Please make an exact copy of the lines from the one holding "zu dir finden." through the end of the data, both ends included, with no pictures.

------------------------------

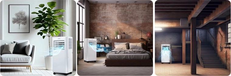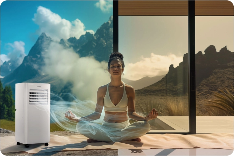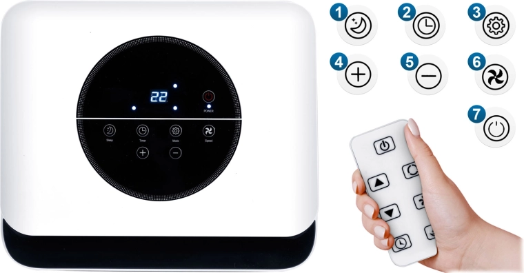 Koelvermogen 2,9 kW (10000 BTU) en ontvochtiging tot 26 l/24 u verlagen snel zowel temperatuur als luchtvochtigheid. Ideaal voor ruimtes van 30–40 m³.
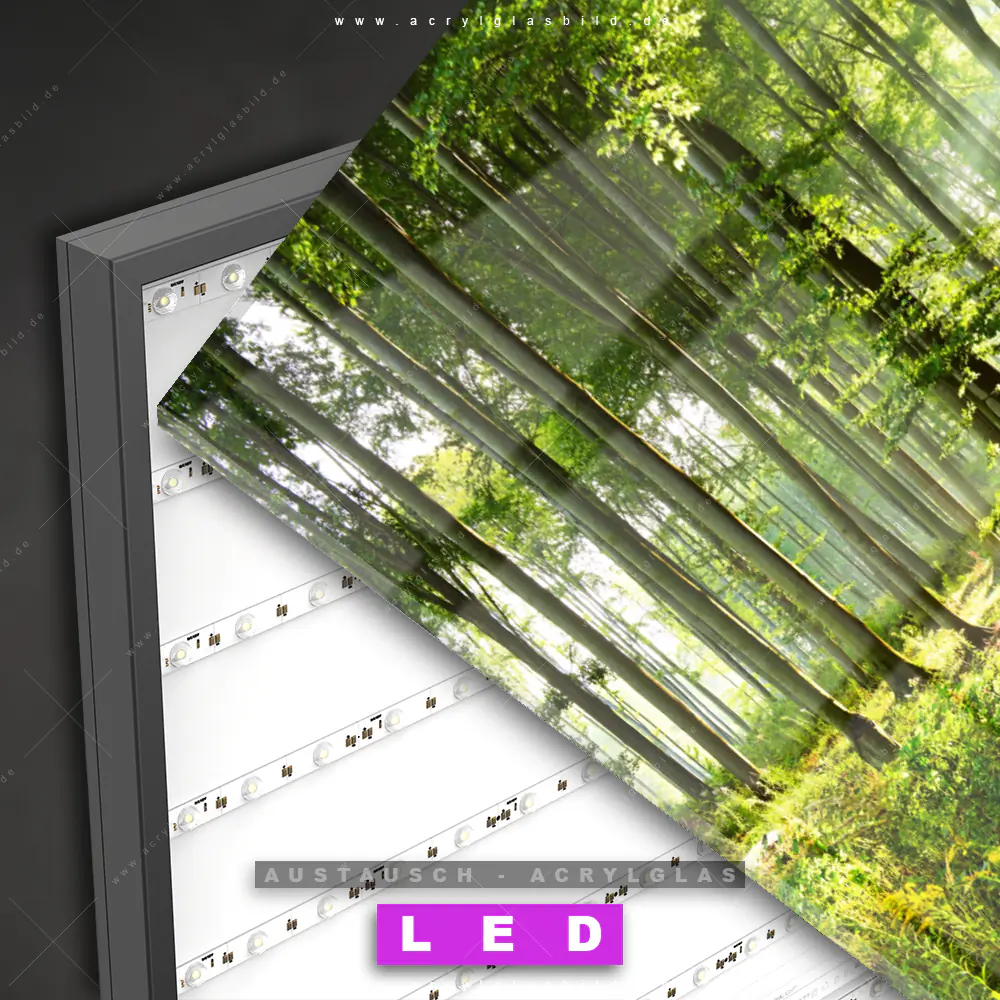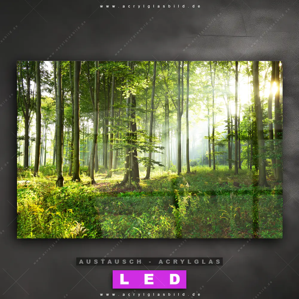 Begriffe wie Wald, Baum, Natur, Sonne, Sonnenstrahlen, Licht, Sonnenschein, Bäume, Laubwald, Sonnenlicht haben dich auf der Suche nach deinem neuen Austausch-Acrylglasbild inspiriert? Dann sollte das Wechsel-Acrylglasbild Grüner Wald und Sonnenlicht für dein bereits vorhandenes LED Acrylglasbild Canvalight® DIA den Weg zu dir finden.
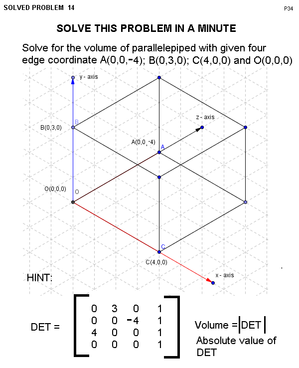 Application of Determinant 4 x 4 matrix, Volume of Parallelepiped
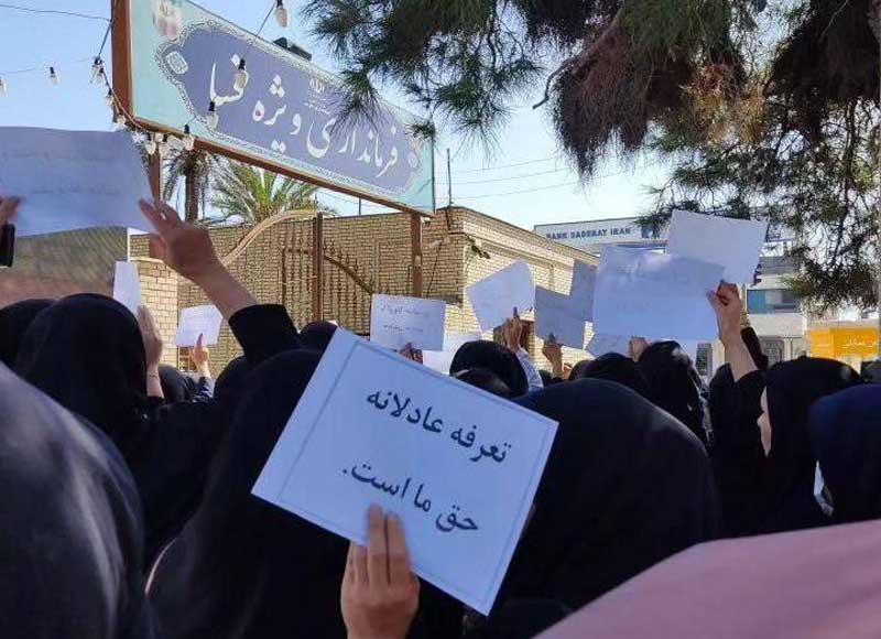 جمعی از پرستاران و کمک پرستاران شهرستان فسا، روز دوشنبه 24 اردیبهشت ماه در مقابل فرمانداری رژیم در این شهر تجمع کردند.
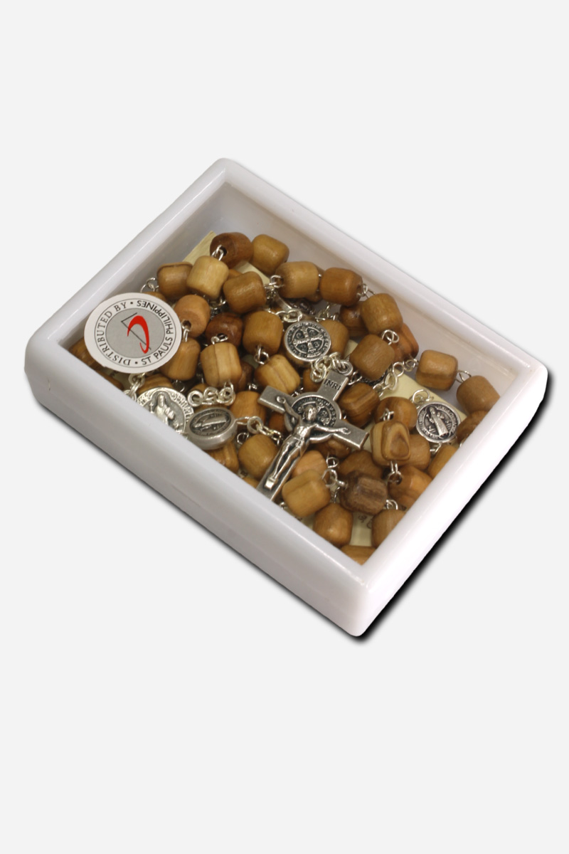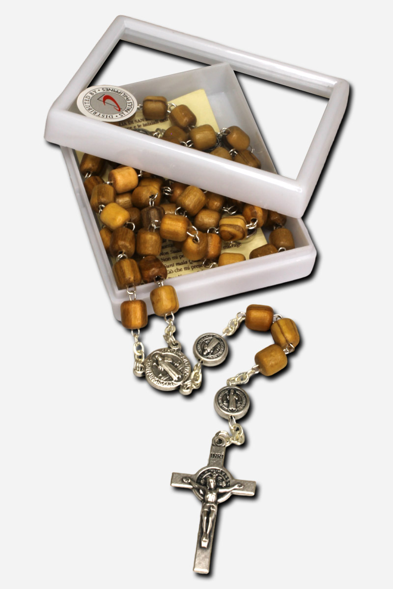 Olive Wood Rosary with Saint Benedict Medal – Brown Made in Italy

------------------------------

EXERCISE OUTPUT:
 Begriffe wie Wald, Baum, Natur, Sonne, Sonnenstrahlen, Licht, Sonnenschein, Bäume, Laubwald, Sonnenlicht haben dich auf der Suche nach deinem neuen Austausch-Acrylglasbild inspiriert? Dann sollte das Wechsel-Acrylglasbild Grüner Wald und Sonnenlicht für dein bereits vorhandenes LED Acrylglasbild Canvalight® DIA den Weg zu dir finden.
 Application of Determinant 4 x 4 matrix, Volume of Parallelepiped
 جمعی از پرستاران و کمک پرستاران شهرستان فسا، روز دوشنبه 24 اردیبهشت ماه در مقابل فرمانداری رژیم در این شهر تجمع کردند.
 Olive Wood Rosary with Saint Benedict Medal – Brown Made in Italy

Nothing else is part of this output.